Com camisetas personalizadas, cuja a estampa trazia a frase "Soltar pipas com cerol pode cortar vidas, não use, não incentive. Denuncie", motoristas e motociclistas participaram, na manhã deste domingo (16), de uma carreata organizada em Bauru por Rosângela Aparecida Hashimoto da Silva.
Ela é viúva de Francis Vieira da Silva, que morreu aos 45 anos, em 2 de abril deste ano, após ter o pescoço ferido com uma linha de pipa, quando trafegava de moto pela Rodovia Marechal Rondon, na altura do Jardim Gasparini.

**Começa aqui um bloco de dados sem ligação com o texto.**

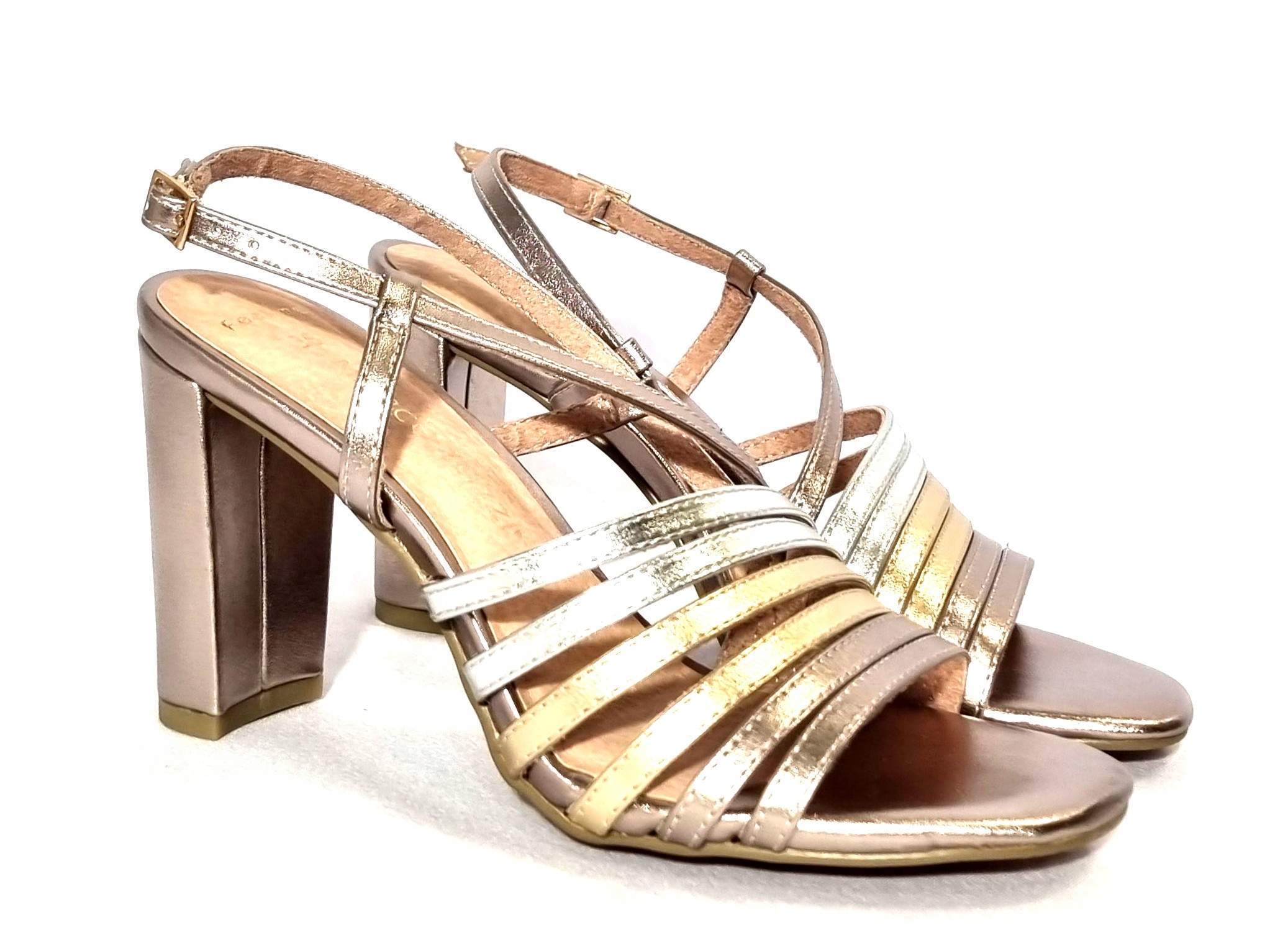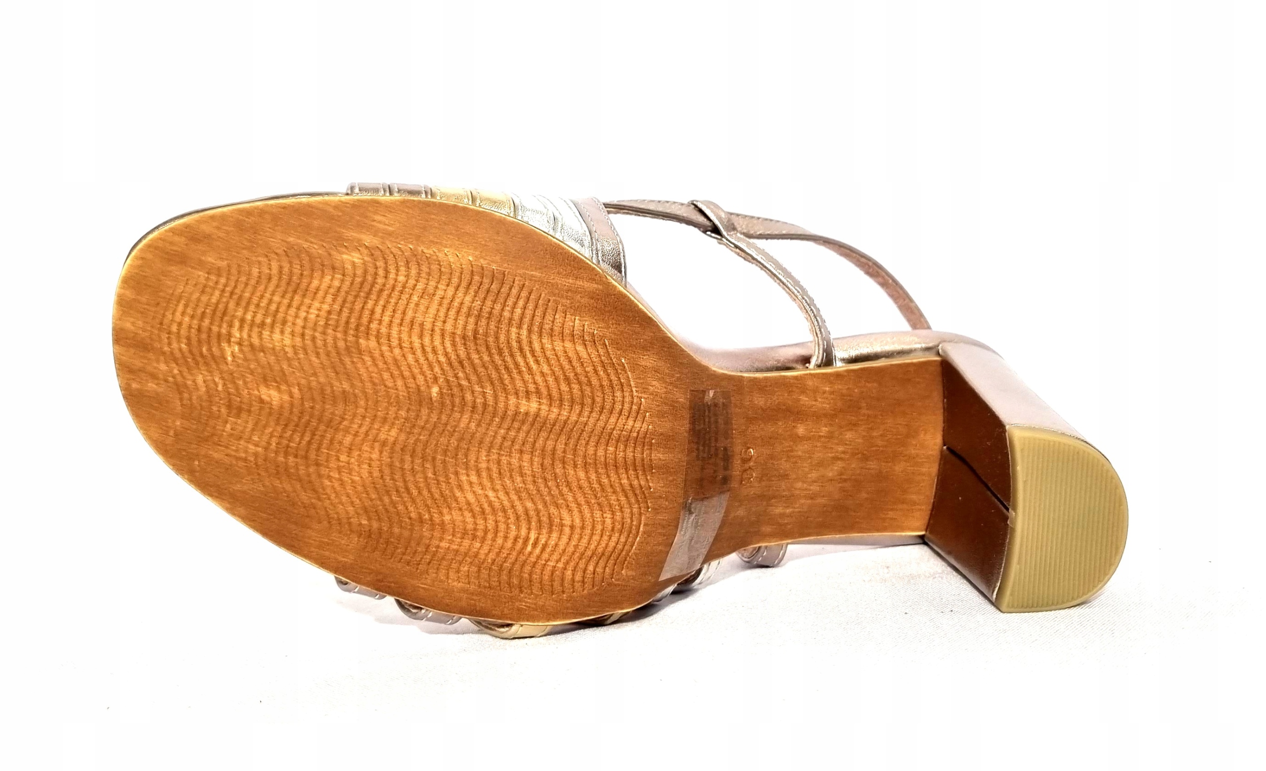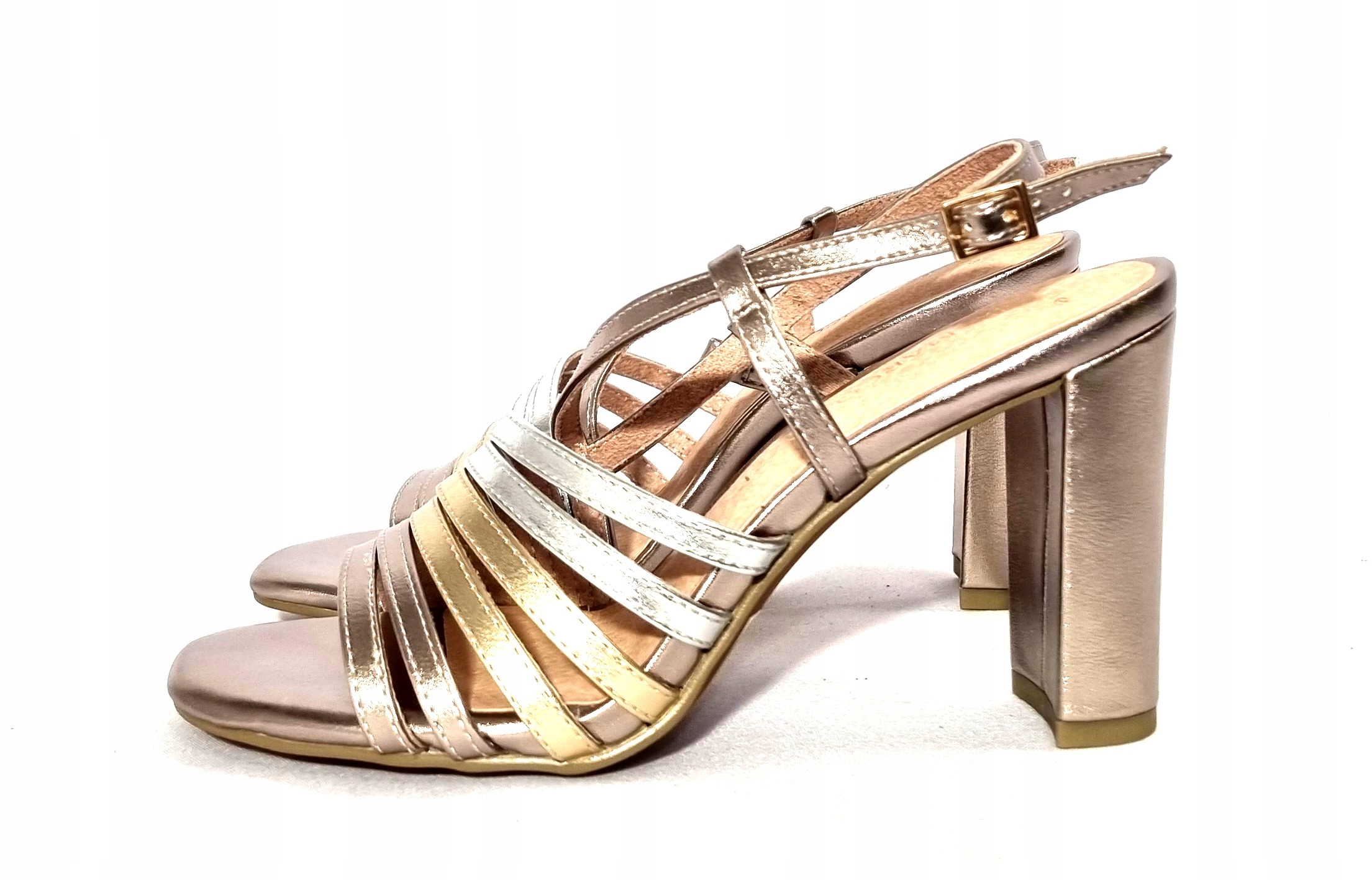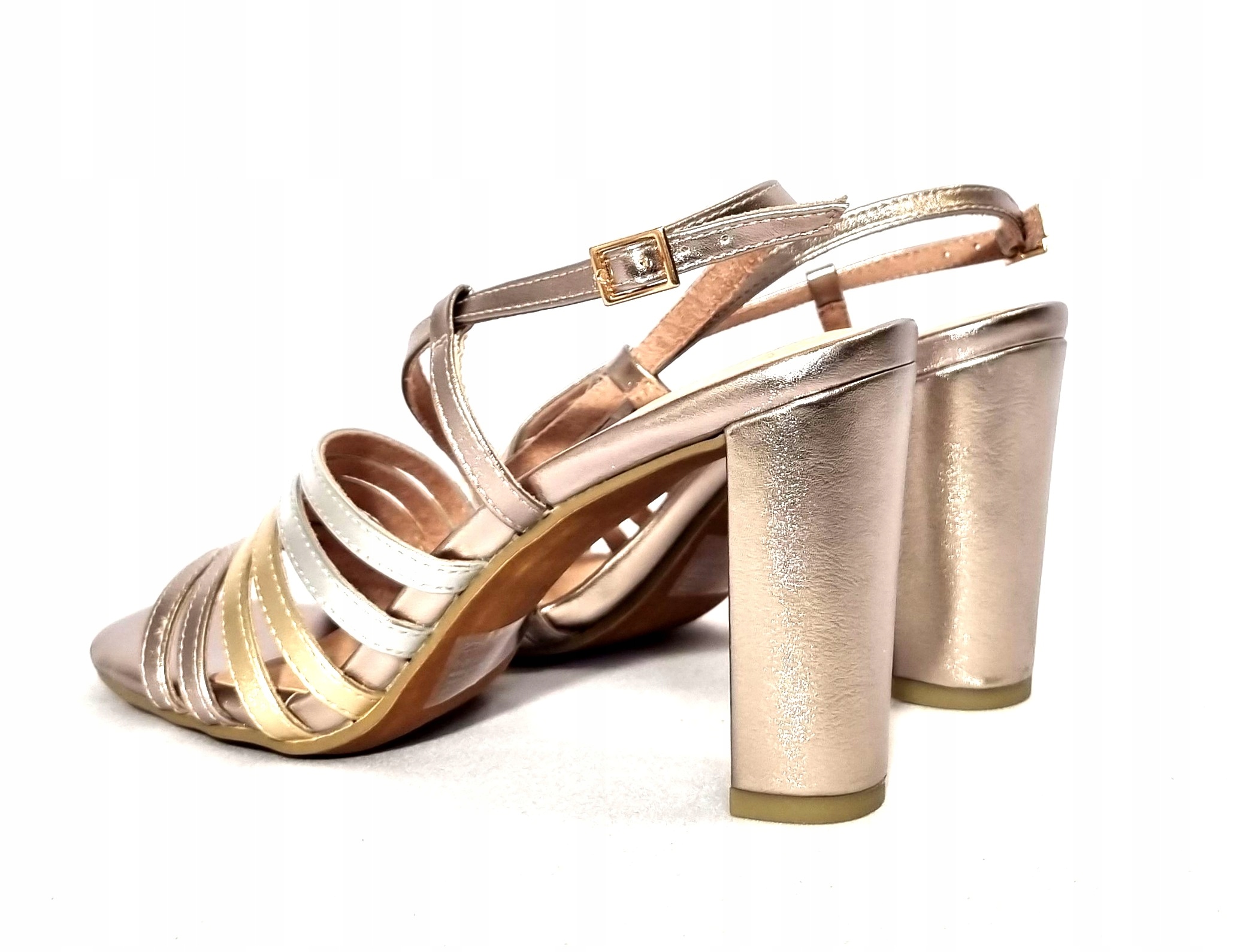 Przedstawiamy panstwu sandały damskie na wysokim obcasie marki Marco Tozzi. Wykonane zostały z błyszczącej skóry ekologicznej. Słupek o wysokości 9,6 cm. Zapięcie na sprzączkę.
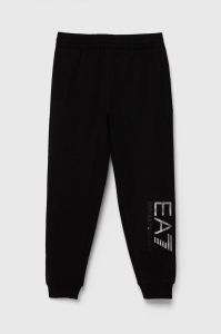 Дитячі бавовняні штани EA7 Emporio Armani колір чорний з принтом (3394796)
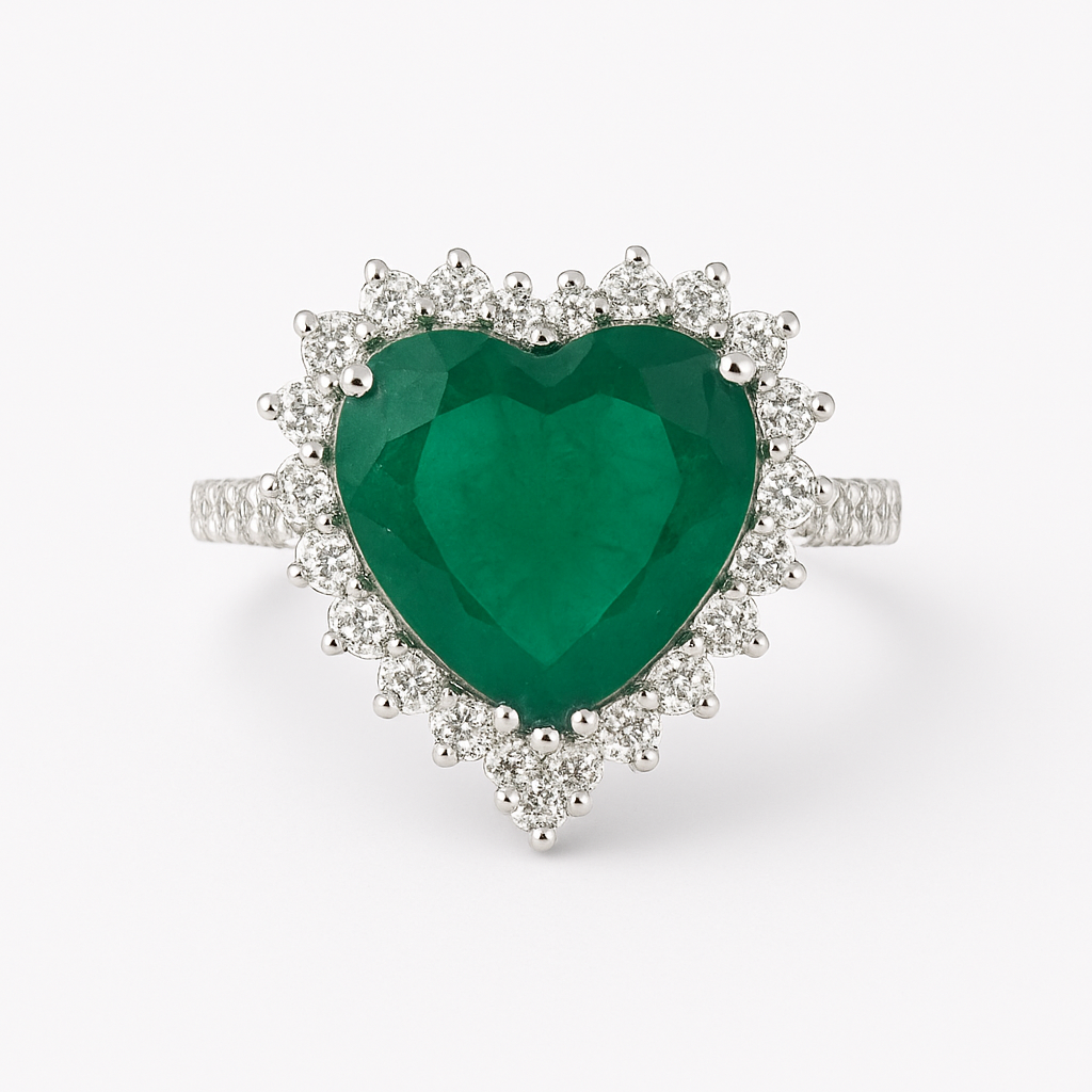 Romantic, elegant, and timeless — this heart-shaped Zambian emerald and diamond ring is a true expression of love and luxury, perfect for both special occasions and everyday sophistication.
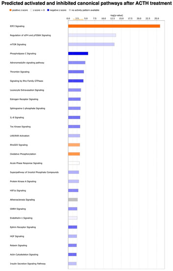 Among the top upstream regulators predicted by the IPA software to affect the expression of the DEGs were factors such as the La ribonucleoprotein 1 translational regulator (LARP1, p = 1.62 × 10−43), tumor necrosis factor (TNF, p = 2.51 × 10−28), C-C motif chemokine receptor 2 (CCR2, p = 6.91 × 10−15), estrogen receptor 1/alpha (ESR1, p = 4.12 × 10−14) and interferon gamma (IFNG, p = 9.69 × 10−15), all predicted to be inhibited by treatment (Supplemental File S2). In contrast, dexamethasone (p = 2.28 × 10−32) was predicted to be activated after ACTH treatment (Supplemental File S2). Finally, no prediction of activation could be achieved for transforming growth factor 1 beta (TGFB1, p = 3.64 × 10−28), β-estradiol (p = 5.97 × 10−27), interleukin 1 beta (IL1B, p = 1.34 × 10−14) and fibroblast growth factor 2 (FGF2, p = 2.75 × 10−14) (Supplemental File S2).
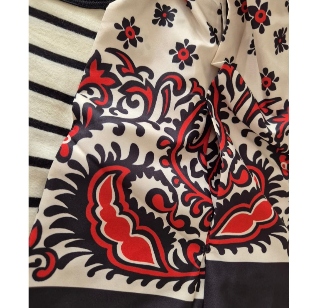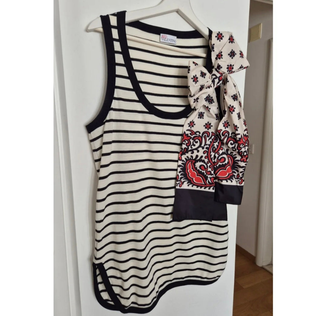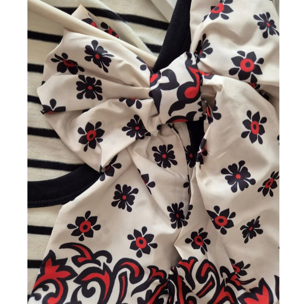 Valentino Garavani - Red Valentino. Majica/top. Pamuk s prljavobijelim/beige i crnim prugama. Na ramenu našivena bogata šarena mašna.
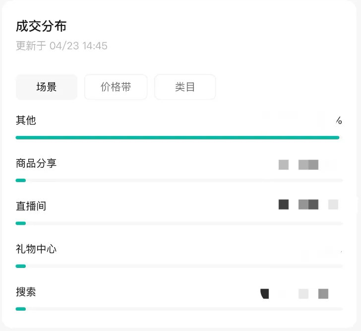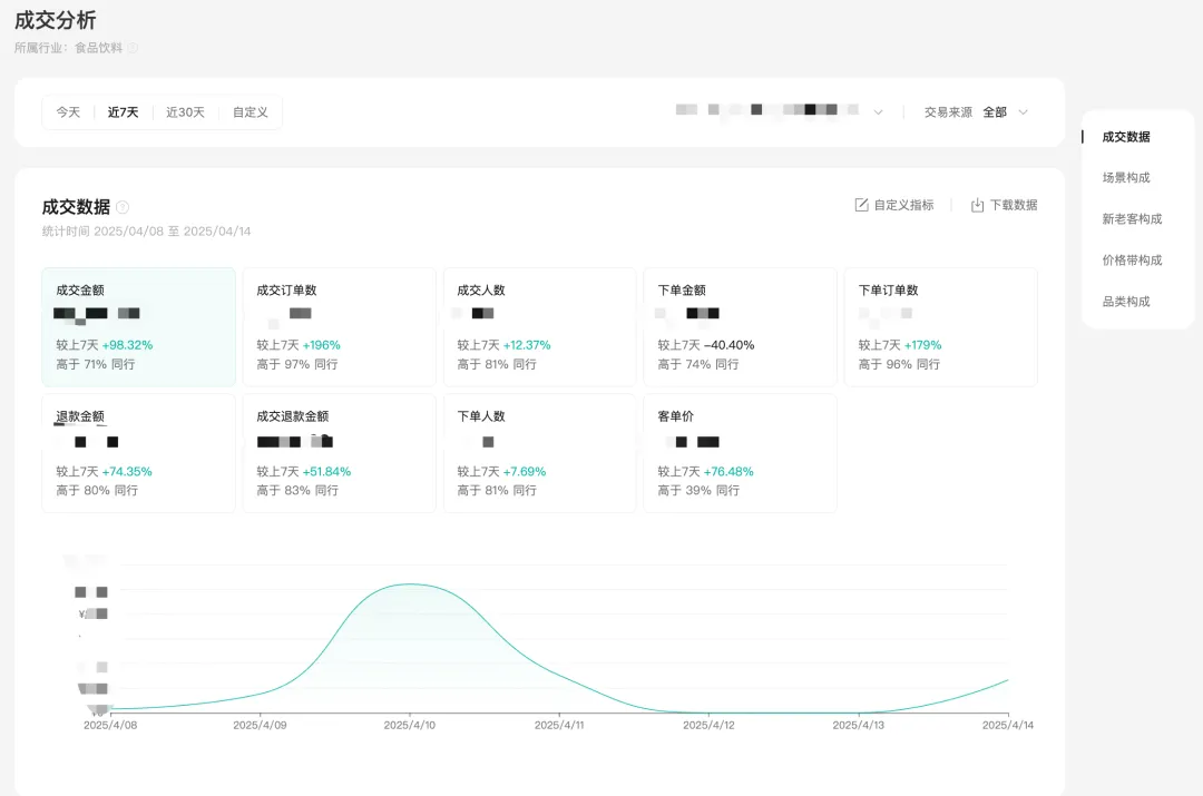商家可查看基础的成交数据、场景/价格带/类目/交易新老客分布。
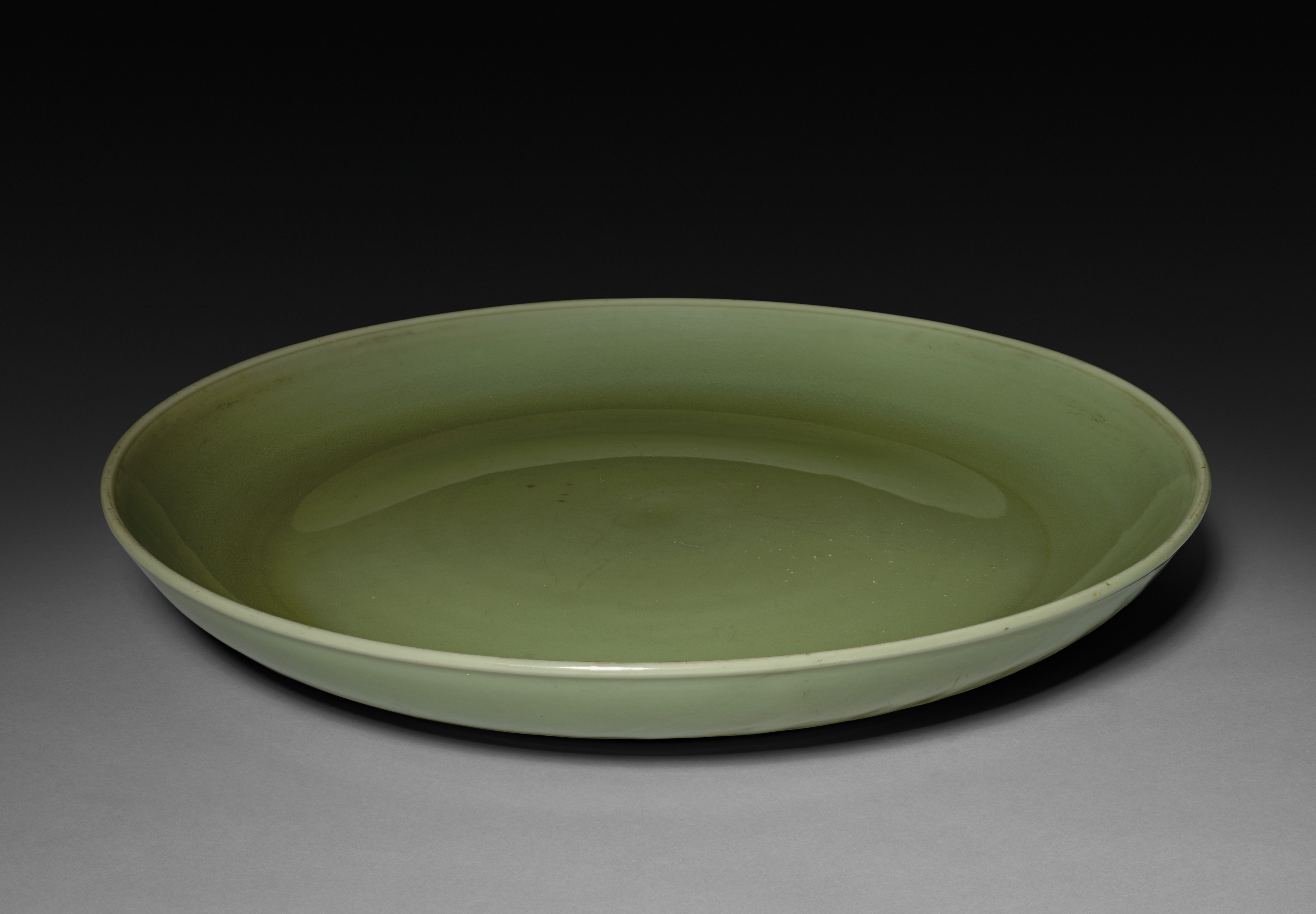 The image shows a light green ceramic plate titled "Platter" by artist unknown. The plate has a flat bottom and sloping sides. The plate is circular with a wide rim and a recessed area in the center. The plate has a glossy finish. The plate is light green in color. The background is dark at the top and gradually lightens to gray towards the bottom. A shadow is cast by the plate onto the surface below it.

Com o objetivo de alertar a população e evitar outras ocorrências da mesma natureza, ela, familiares e amigos se concentraram na quadra 8 da rua Aviador Marquês de Pinedo, no Jardim Europa, e seguiram até a Praça da Paz, onde fizeram uma oração.
Durante a ação denominada "Diga Não ao Cerol", Rosângela reiterou sua preocupação em salvar vidas. Na oportunidade, destacou que o uso do cerol em linhas de pipas passou a ser proibido no Estado de São Paulo com a aprovação da Lei 17.201/2019. Com base nela, pede mais fiscalização na cidade.
O lema ‘Salvar vidas’ levou ao ato o casal Ivone e Vlamir Iegas, familiares de Francis, cujos pais, Jorge e Cleusa Silva, também estiveram presentes. “A diversão não pode ser fatalidade”, lamentou Jorge, ao ressaltar a importância do uso, por parte de motociclistas, de antena de proteção contra linhas de papagaio.
Concorda com ele o policial militar Sergio Batista, que acompanhou a carreata em uma viatura da corporação e citou a importância do trabalho de conscientização e prevenção.
Por conta desta iniciativa e da repercussão do caso, inclusive, o repórter fotográfico e motociclista há 45 anos Pedro Romualdo, 67, adotou a proteção. Um amigo dele também foi ferido recentemente. “Pode ser uma arma mortal”, finalizou ao referir-se ao cerol.